*** Source data ***

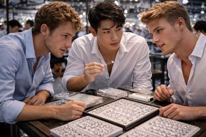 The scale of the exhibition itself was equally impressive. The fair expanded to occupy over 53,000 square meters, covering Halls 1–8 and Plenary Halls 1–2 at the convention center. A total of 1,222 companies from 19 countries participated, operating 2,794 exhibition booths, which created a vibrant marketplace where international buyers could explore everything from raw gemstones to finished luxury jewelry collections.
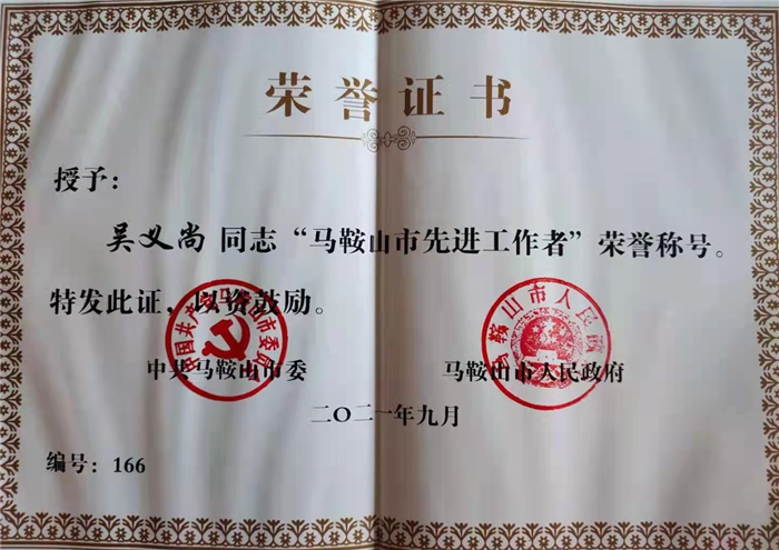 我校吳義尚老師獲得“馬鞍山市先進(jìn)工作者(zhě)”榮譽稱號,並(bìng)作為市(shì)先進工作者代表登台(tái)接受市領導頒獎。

*** End of Source data ***
*** Source data ***

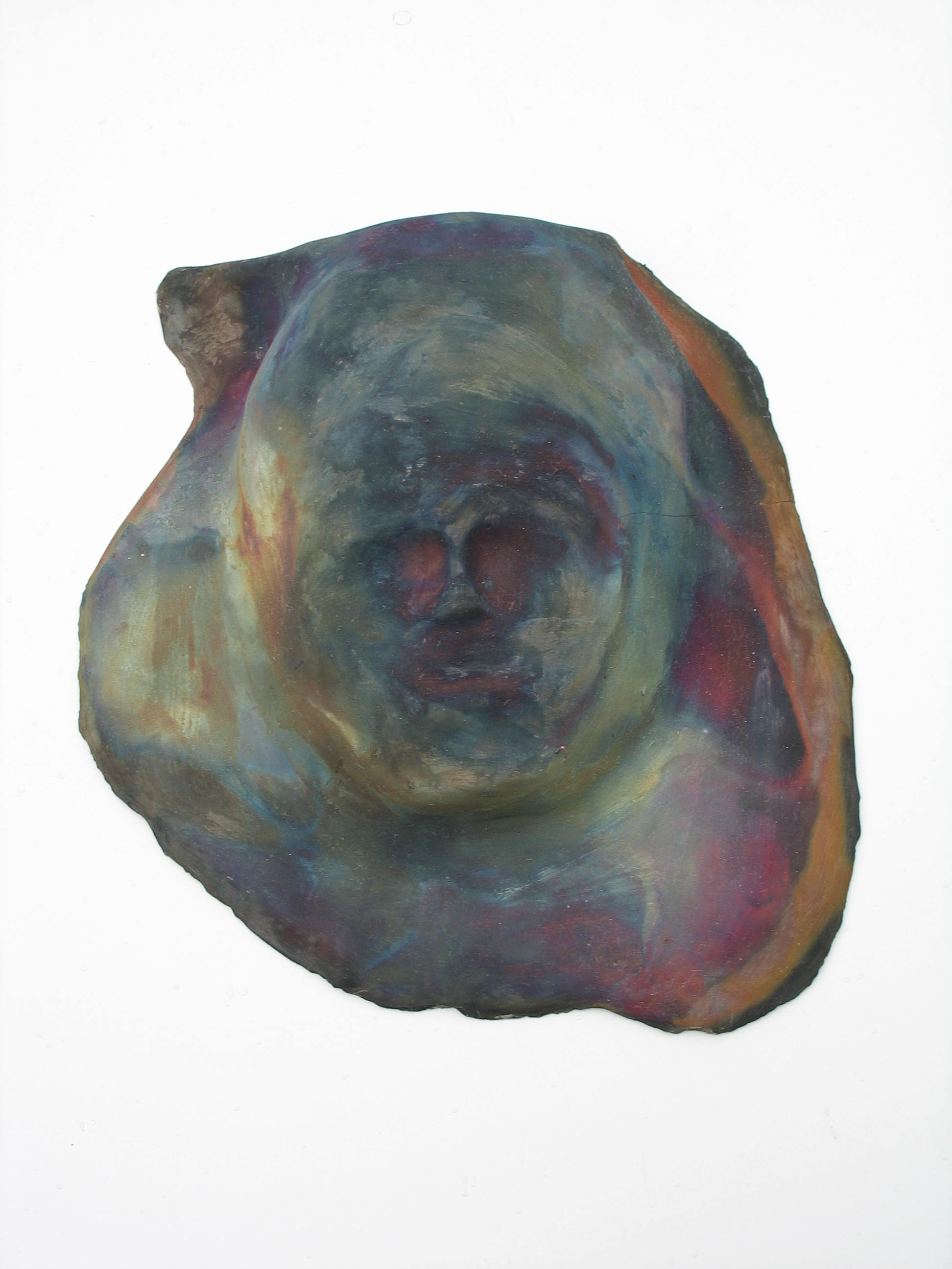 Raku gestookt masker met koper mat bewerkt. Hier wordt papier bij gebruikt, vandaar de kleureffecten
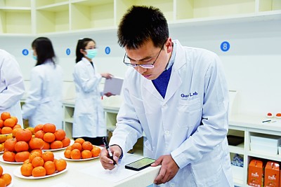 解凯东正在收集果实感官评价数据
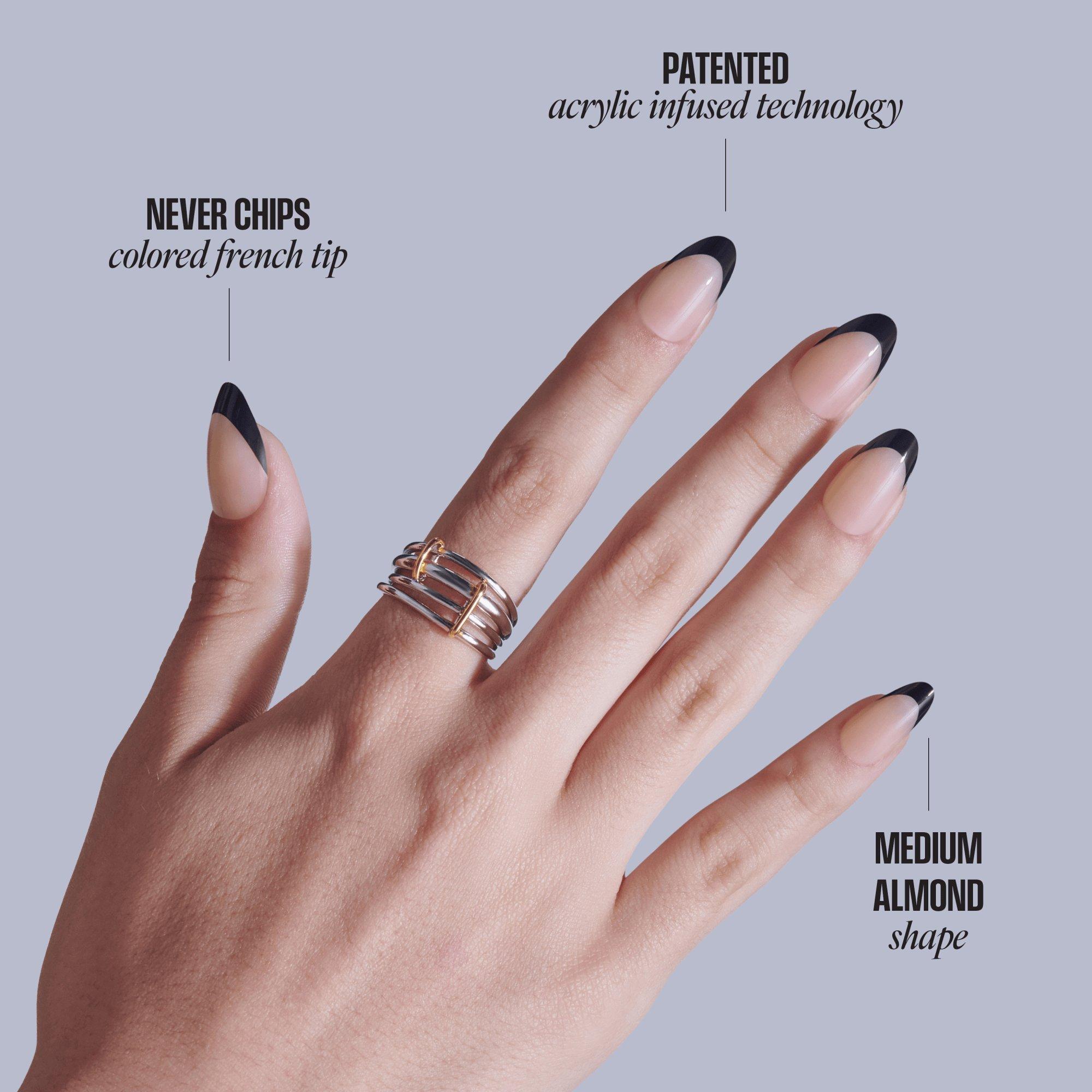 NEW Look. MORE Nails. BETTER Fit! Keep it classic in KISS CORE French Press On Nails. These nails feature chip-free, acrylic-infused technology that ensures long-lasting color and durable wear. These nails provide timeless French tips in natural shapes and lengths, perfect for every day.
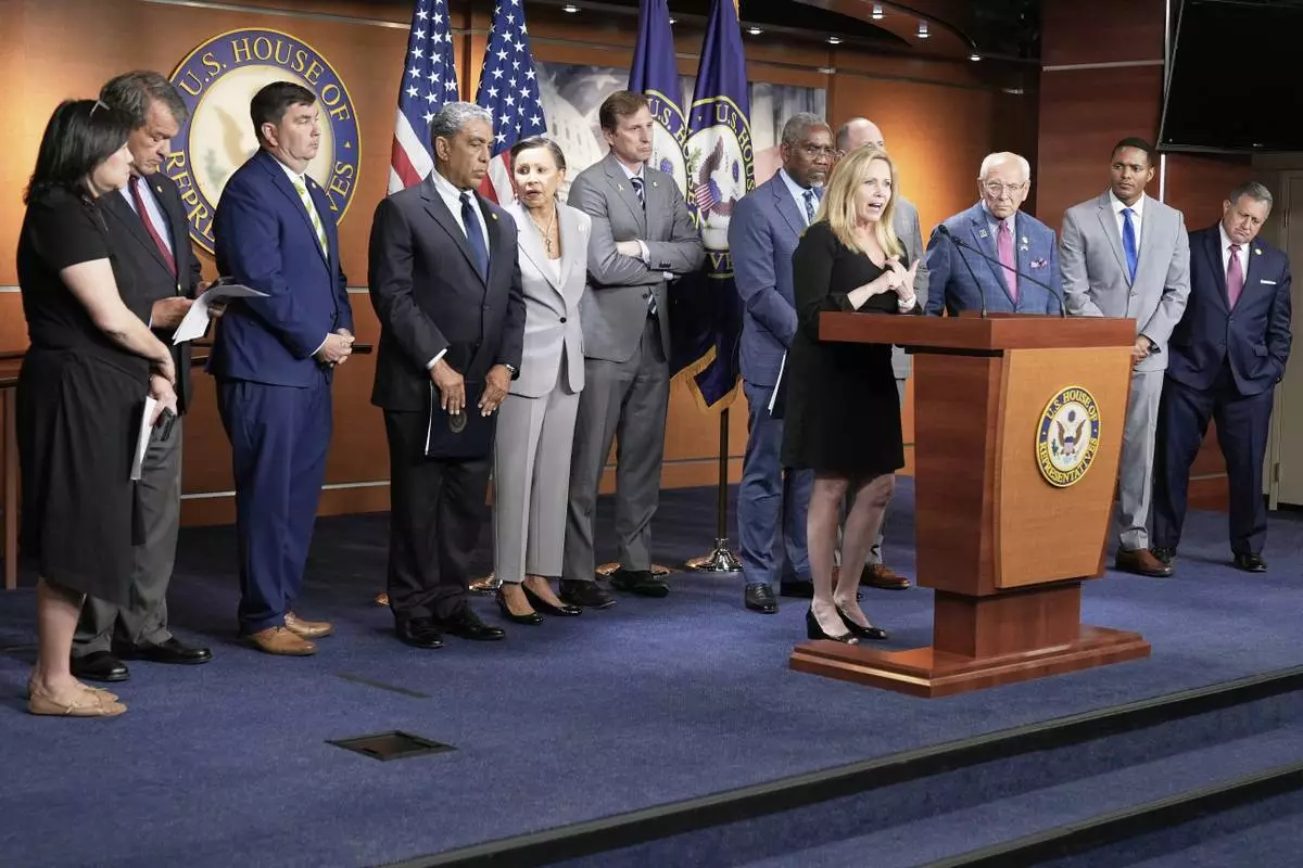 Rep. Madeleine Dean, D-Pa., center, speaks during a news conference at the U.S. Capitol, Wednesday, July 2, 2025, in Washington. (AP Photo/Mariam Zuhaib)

*** End of Source data ***

### Prompt
In the listing above, find the line with "Raku gestookt masker" and output it and every line after it up to and including the line with "Rep. Madeleine Dean, D-Pa., center, speaks", exactly, minus the pictures.

### Your solution
 Raku gestookt masker met koper mat bewerkt. Hier wordt papier bij gebruikt, vandaar de kleureffecten
 解凯东正在收集果实感官评价数据
 NEW Look. MORE Nails. BETTER Fit! Keep it classic in KISS CORE French Press On Nails. These nails feature chip-free, acrylic-infused technology that ensures long-lasting color and durable wear. These nails provide timeless French tips in natural shapes and lengths, perfect for every day.
 Rep. Madeleine Dean, D-Pa., center, speaks during a news conference at the U.S. Capitol, Wednesday, July 2, 2025, in Washington. (AP Photo/Mariam Zuhaib)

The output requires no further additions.